WOLGANG AMADEUS MOZART (1756-1791)
Piano Trio No. 6 in G major K. 564
(Dovgan, Margulis, Blendulf)

LUDWIG VAN BEETHOVEN (1770-1827)
Piano Quartet No. 3 in C major WoO 36
(Dovgan, Conunova, Grosz, Kanneh-Mason)

Interval

ANTONÍN DVOŘÁK (1841-1904)
Piano Quintet No. 1 in A major Op. 5
(Malofeev, Sitkovetsky, Margulis, Grosz, Altstaedt)

The Trio for piano, violin and cello in G Major K 564, a simple and graceful work, was born in 1788 from a piano sonata to which Mozart added string parts. Its central movement is an Andante theme and variations whose song is passed among the instruments in various combinations.

Three years earlier, the fifteen-year-old Beethoven had already explored the field of the piano quartet, composing three quartets for piano and strings that were not published until after his death. The third and last of these, in C major, demonstrates the extraordinary maturity of the young composer, opening with an energetic Allegro, then moving to a tender Adagio, and finally a lively Rondo-Allegro.

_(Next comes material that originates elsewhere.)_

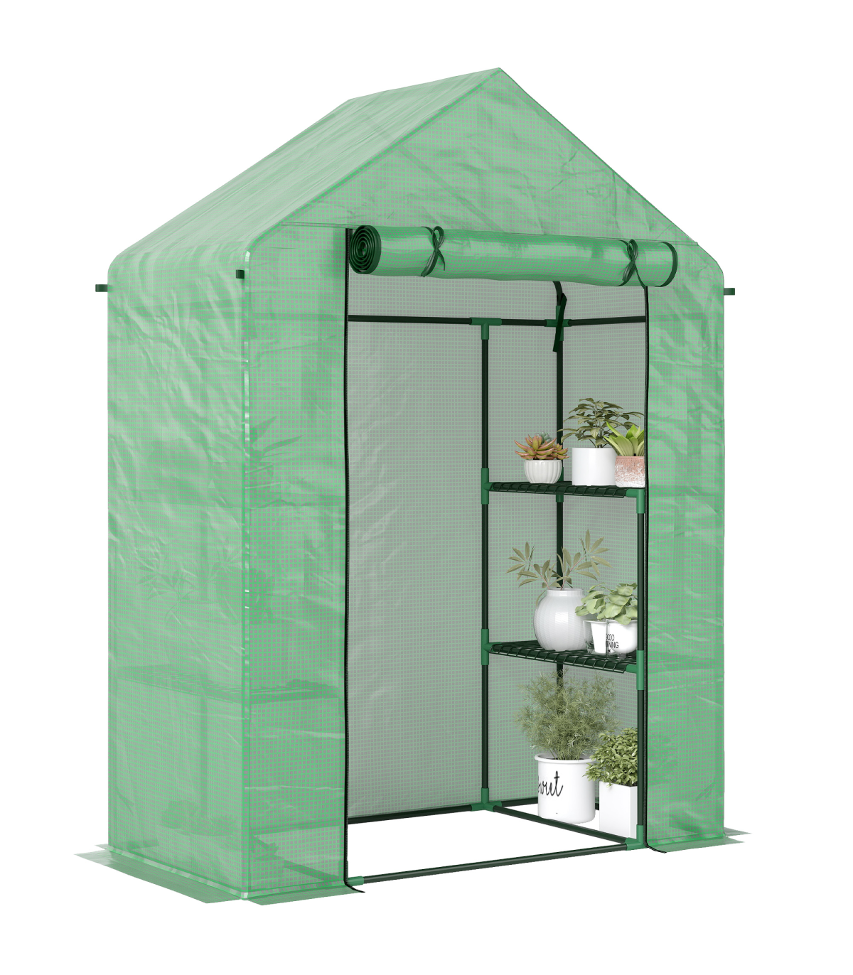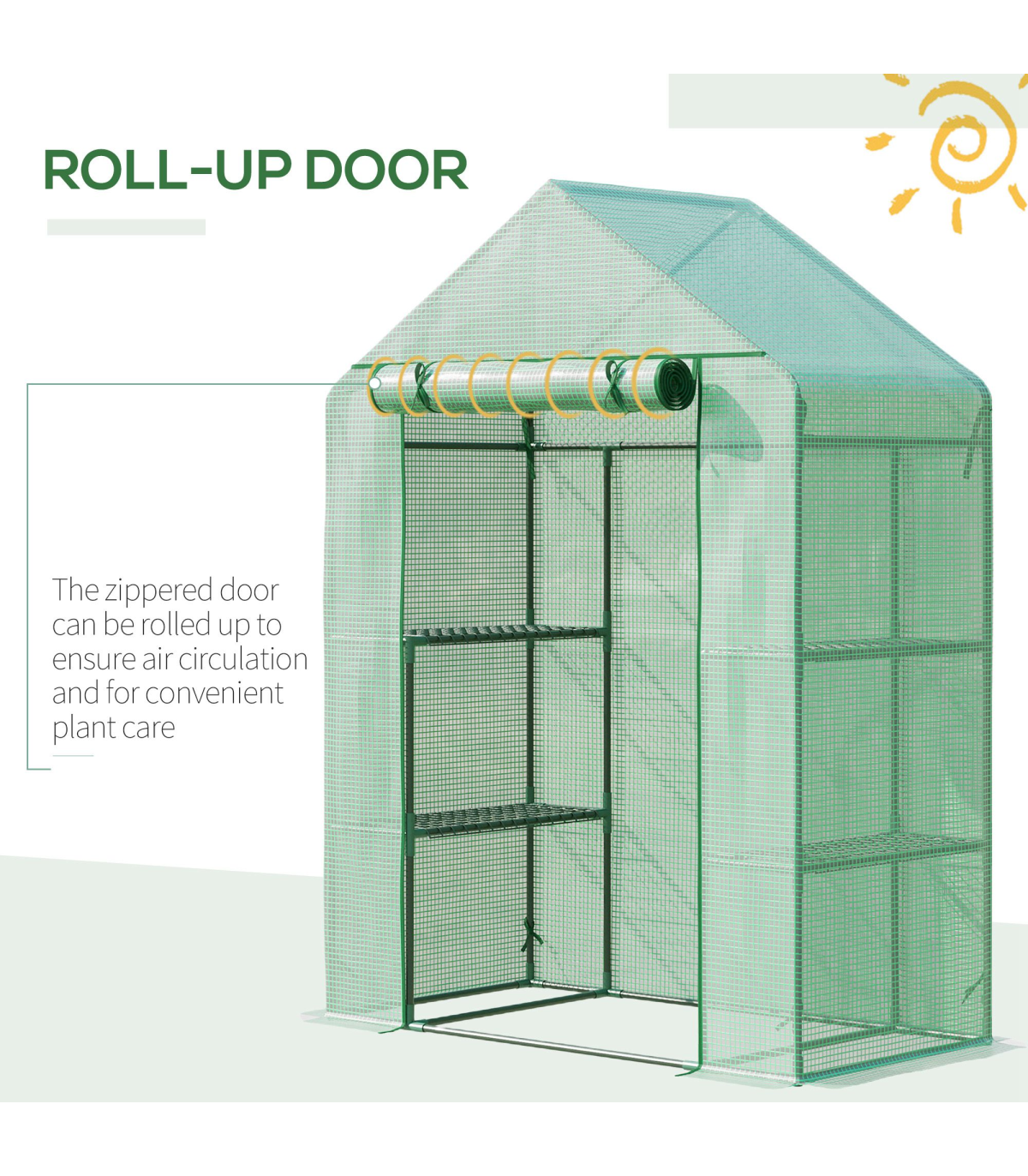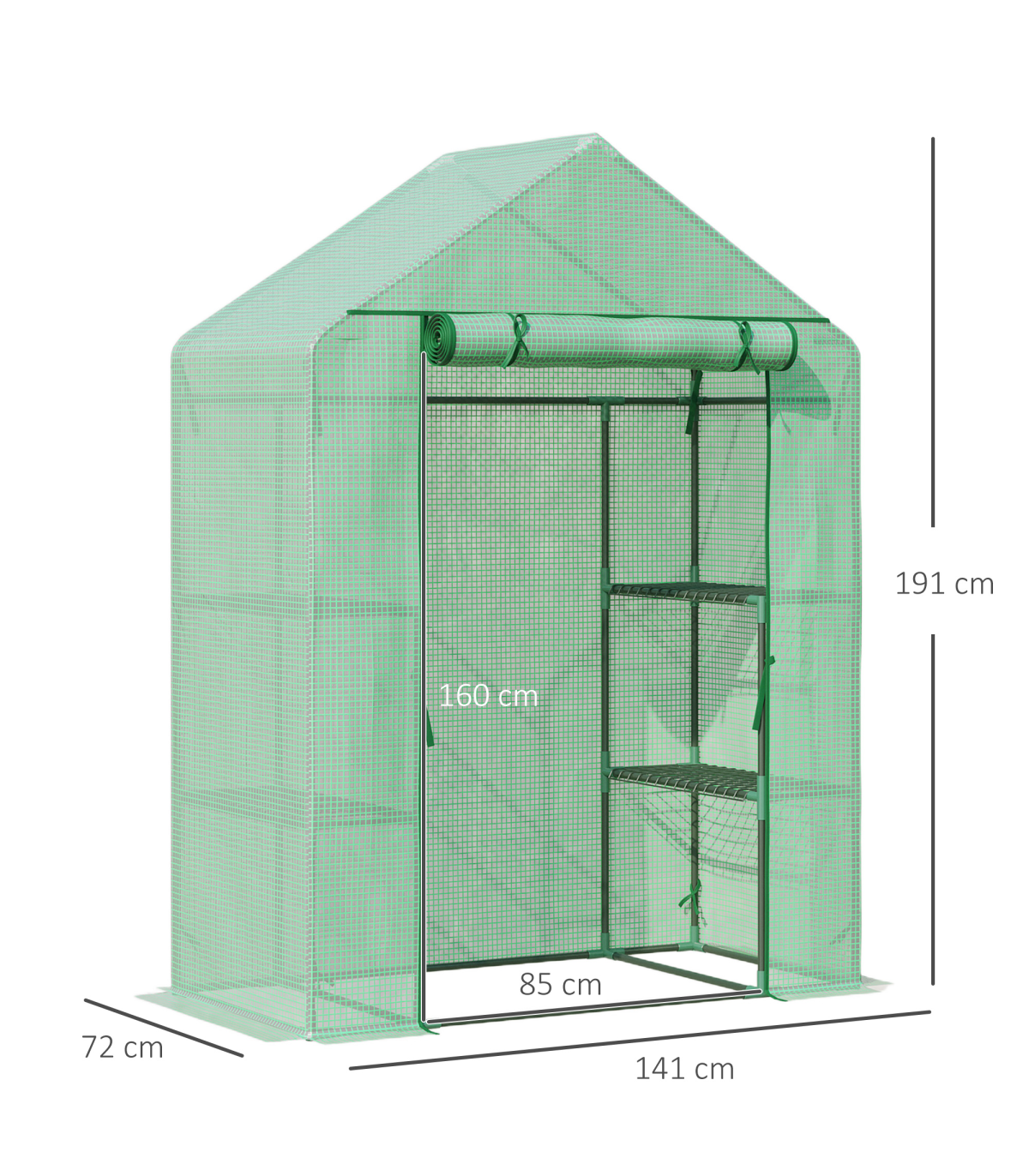 WalkIn Greenhouse 2 Tier Shelf, Roll-Up Door, PE Cover, 141x72x191cm, Green
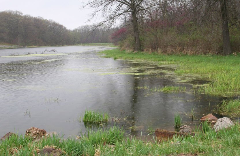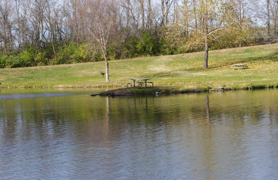 Visitors enjoy unsupervised swimming beach, picnic shelters, 4 miles of hiking/biking trails through hardwood hills and prairies, birdwatching, and adjacent hunting areas for turkey, deer, and small game amid serene farm-country tranquility.

Dvorak’s famous Quintet for piano and strings in A major, Op. 81 contains, hidden within it, an Opus 5 written fifteen years earlier, for the same number of players and in the same key, but which the dissatisfied composer abandoned, revised, then destroyed. The work survived thanks to a friend’s copy, and was published in 1959. It has since earned acclaim and bears the seed of Opus 81 in its melodic outpouring and in the prominence of folkloric material.